ROANOKE TIMES

                         Roanoke Times
                 Copyright (c) 1995, Landmark Communications, Inc.

DATE: TUESDAY, June 8, 1993                   TAG: 9306080203
SECTION: NATIONAL/INTERNATIONAL                    PAGE: A1   EDITION: METRO 
SOURCE: From The Washington Post and The New York Times
DATELINE: WASHINGTON                                LENGTH: Medium


SCHOOL RELIGIOUS ACTS OK

The Supreme Court in two separate actions Monday opened the door for greater religious activity in public schools, while at the same time revealing the justices' ongoing difficulty with church-state conflicts.

The court ruled that a public school district may not prevent a church group from using its classrooms after school hours simply because of the group's religious purpose.

Although individual justices differed in their reasoning, the court unanimously found that a New York Court lets some banks continue to sell insurance.
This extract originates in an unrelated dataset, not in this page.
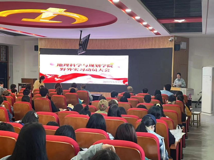 为做好地理科学与规划学院实践课程教学工作,顺利开展学院地理科学专业、人文地理与城乡规划专业野外实习,5月11日下午,地理科学与规划学院召开野外实习动员大会。学院党总支书记刘晓霞、副院长暴向平、党总支副书记黄倩、副院长刘彩凤、各实习点带队教师、各实习班级班主任以及参加本次野外实习的247名同学参加会议。会议由学院办公室主任刘晓靓主持。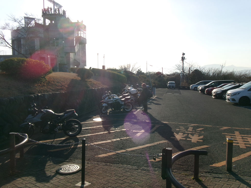 場所としては高麗山公園(こまやまこうえん)というところらしく、高麗山の頂上あたりにある。山をどんどんと登っていくと、駐車場があった。もう少し上まで道が続いていたので、さらに登ってみると、頂上側にも小さめの駐車場があり、駐輪場もあってバイクが数台停めてあるので、そこにバイクを駐車した。

B8 district was wrong to turn away an evangelical Christian church that wanted to show a film series on child-rearing.

A victory for both religious organizations and free-speech advocates, the case was consistent with court rulings since 1981 allowing church groups public access.

Separately Monday, the court without comment let stand an appeals court decision permitting prayer at a public school graduation. Just last year, the court ruled unconstitutional prayers at a graduation ceremony in Providence, R.I.

The National School Boards Association had asked the court to take the case, from a district near Houston, because of confusion around the country this spring over whether graduation prayer is allowed.

In another 9-0 decision Monday, the court said that police don't always need a warrant to seize drugs they find while frisking criminal suspects for weapons.

The ruling expands the instances under which police may collect evidence without a warrant, but the court blunted the new rule's reach by strictly limiting how far officers may go in these searches.

The court said the Constitution allows a limited version of the plain-feel rule, but that it applies only when an officer does not go too far in frisking for weapons.

"If a police officer lawfully pats down a suspect's outer clothing and feels an object whose contour or mass makes its identity immediately apparent, there has been no invasion of the suspect's privacy beyond that already authorized by officer's search for weapons," Justice Byron White wrote for the court.

Both the ruling on school access for religious groups and the court's refusal to review the prayer decision Monday underscore the difficulty the court has with balancing the Constitution's mandates of religious freedom and a separation of church and state.

The Constitution says that government "shall make no law respecting an establishment of religion."

Since the 1971 Lemon vs. Kurtzman ruling, the court has, without great uniformity, used a standard that says government practice must have a clearly secular purpose, neither enhance nor inhibit religion and avoid excessive government entanglement with religion. The standard generally calls for strict separation of church and state.

Justice Antonin Scalia, in the school-access case, mocked the court's varying use of the Lemon test and said it should simply be declared dead.

"Like some ghoul in a late-night horror movie that repeatedly sits up in its grave and shuffles abroad, after being repeatedly killed and buried, Lemon stalks our Establishment Clause jurisprudence once again, frightening the little children and school attorneys," Scalia wrote in a concurring opinion. He was joined by Justice Clarence Thomas and endorsed in a separate statement by Justice Anthony Kennedy.

Scalia's contention was that the test has been inconsistently applied to provide little guidance to government officials who do not know when they may allow a church group a public forum or when they would be in trouble for specifically excluding religious interests.

The high court said Monday that a Long Island, N.Y., school district's refusal to let a church use school space to show a film series on child rearing violated freedom of speech. If the school district had permitted its premises to be used, it would not have been an establishment of religion under the three-part Lemon test, the court said.

White, who wrote the majority opinion, said that a policy that specifically excludes religious groups violates free-speech guarantees because it is effectively favoring some viewpoints over others. He rejected the judgment of the U.S. Court of Appeals for the 2nd Circuit that the school property was a limited public forum that could be open only for designated purposes.

He said there would be no violation of the Establishment Clause because the film would not have been shown during school hours, would not have been sponsored by the school and would have been open to the public.

The school prayer case, Jones vs. Clear Creek Independent School District, began after a student and her family challenged the high school's practice of allowing an invocation and benediction at graduation ceremonies.

The U.S. Court of Appeals for the 5th Circuit sided with the district, saying that the prayer ceremony did not violate the Establishment Clause because the prayer was delivered by a student rather than a member of the clergy.